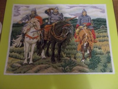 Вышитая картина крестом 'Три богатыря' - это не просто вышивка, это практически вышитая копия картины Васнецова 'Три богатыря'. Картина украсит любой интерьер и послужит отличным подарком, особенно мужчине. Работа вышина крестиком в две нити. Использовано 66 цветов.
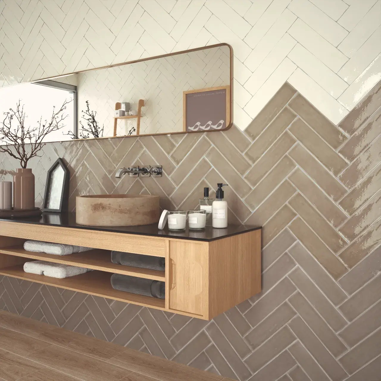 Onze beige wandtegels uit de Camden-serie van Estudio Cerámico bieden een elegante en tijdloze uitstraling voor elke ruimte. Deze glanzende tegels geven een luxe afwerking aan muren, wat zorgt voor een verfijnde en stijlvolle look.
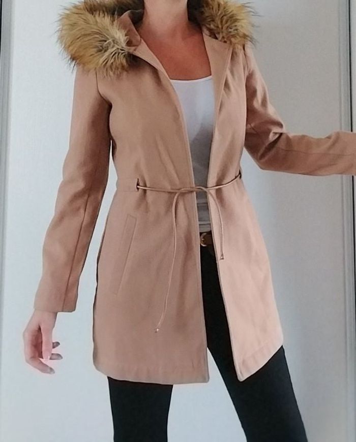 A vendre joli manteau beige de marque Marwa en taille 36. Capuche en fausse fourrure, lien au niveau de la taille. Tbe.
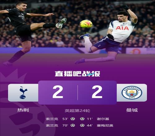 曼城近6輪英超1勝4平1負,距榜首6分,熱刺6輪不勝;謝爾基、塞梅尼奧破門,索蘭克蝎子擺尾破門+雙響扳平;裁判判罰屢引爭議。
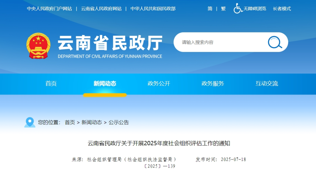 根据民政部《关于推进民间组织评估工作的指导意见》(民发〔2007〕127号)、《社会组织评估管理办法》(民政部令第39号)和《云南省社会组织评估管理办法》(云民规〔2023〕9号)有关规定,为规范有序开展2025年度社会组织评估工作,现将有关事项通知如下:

■ ■ ■ ■

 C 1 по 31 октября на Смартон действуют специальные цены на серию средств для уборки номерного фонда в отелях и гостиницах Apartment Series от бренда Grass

■ ■ ■ ■

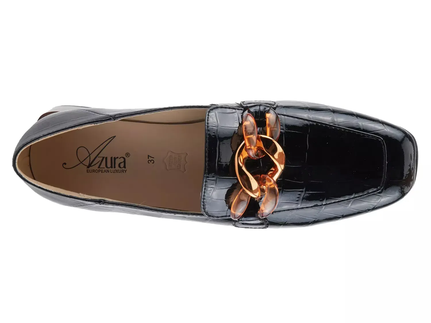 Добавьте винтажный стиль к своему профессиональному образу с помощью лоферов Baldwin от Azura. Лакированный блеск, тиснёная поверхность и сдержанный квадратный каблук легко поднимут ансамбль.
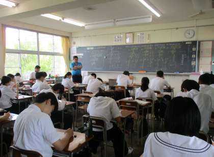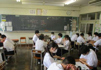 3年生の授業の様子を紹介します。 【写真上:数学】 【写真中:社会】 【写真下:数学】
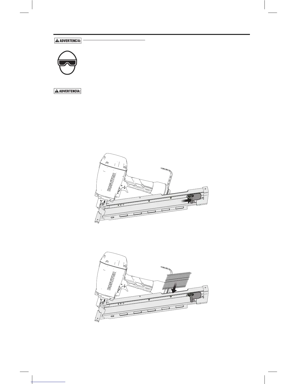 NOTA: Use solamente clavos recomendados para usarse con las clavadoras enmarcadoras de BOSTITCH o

■ ■ ■ ■

Among the entries above, take the lines from the one with "Добавьте винтажный стиль" through the one with "NOTA: Use solamente" and retype them exactly, leaving out the pictures.

## ANSWER AREA
 Добавьте винтажный стиль к своему профессиональному образу с помощью лоферов Baldwin от Azura. Лакированный блеск, тиснёная поверхность и сдержанный квадратный каблук легко поднимут ансамбль.
 3年生の授業の様子を紹介します。 【写真上:数学】 【写真中:社会】 【写真下:数学】
 NOTA: Use solamente clavos recomendados para usarse con las clavadoras enmarcadoras de BOSTITCH o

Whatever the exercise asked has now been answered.